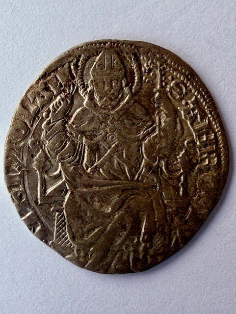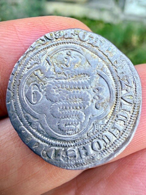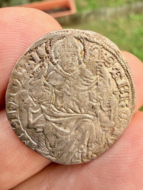 ho appena aggiunto in collezione questo Pegione/Grosso da 1,5 soldi di Milano, Gian Galeazzo Visconti ( 1385-1402 ); argento, grammi 2,35. A diritto la biscia viscontea simbolo dei Visconti e di Milano tra lettera G e numero 3, a rovescio Sant'Ambrogio patrono della città meneghina, in trono. Questo esemplare, che mi sembra essere solo in modestissima conservazione, presenta la seguente variante : anellino sopra la testa della biscia ed a rovescio due anellini, uno a sinistra e l'altro a destra del Santo. Ho un dubbio e vorrei chiedere per cortesia, agli esperti di questa monetazione, se la datazione della moneta è corretta; 1385-1402 oppure 1395-1402. In allegato alcune foto. Grazie per l'attenzione.
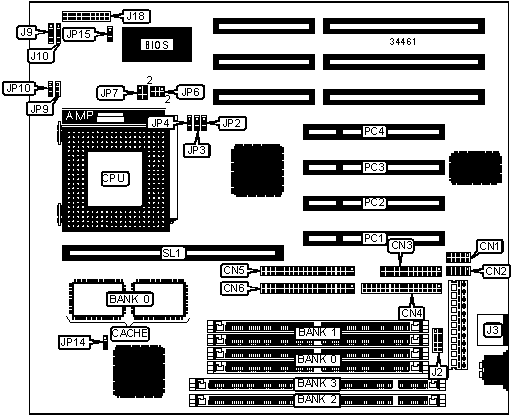 | | CMOS memory clear | JP15 | Pins 2 & 3 |
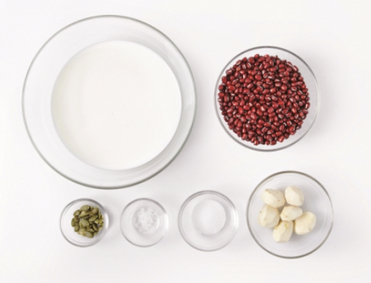 팥 1½컵, 밤 6개, 우유 2컵, 소금 약간, 설탕 1t, 호박씨 1T

++++++

**What the task requires**
From the listing, extract all text exactly as given and drop any picture.

**Task response**
 ho appena aggiunto in collezione questo Pegione/Grosso da 1,5 soldi di Milano, Gian Galeazzo Visconti ( 1385-1402 ); argento, grammi 2,35. A diritto la biscia viscontea simbolo dei Visconti e di Milano tra lettera G e numero 3, a rovescio Sant'Ambrogio patrono della città meneghina, in trono. Questo esemplare, che mi sembra essere solo in modestissima conservazione, presenta la seguente variante : anellino sopra la testa della biscia ed a rovescio due anellini, uno a sinistra e l'altro a destra del Santo. Ho un dubbio e vorrei chiedere per cortesia, agli esperti di questa monetazione, se la datazione della moneta è corretta; 1385-1402 oppure 1395-1402. In allegato alcune foto. Grazie per l'attenzione.
 | | CMOS memory clear | JP15 | Pins 2 & 3 |
 팥 1½컵, 밤 6개, 우유 2컵, 소금 약간, 설탕 1t, 호박씨 1T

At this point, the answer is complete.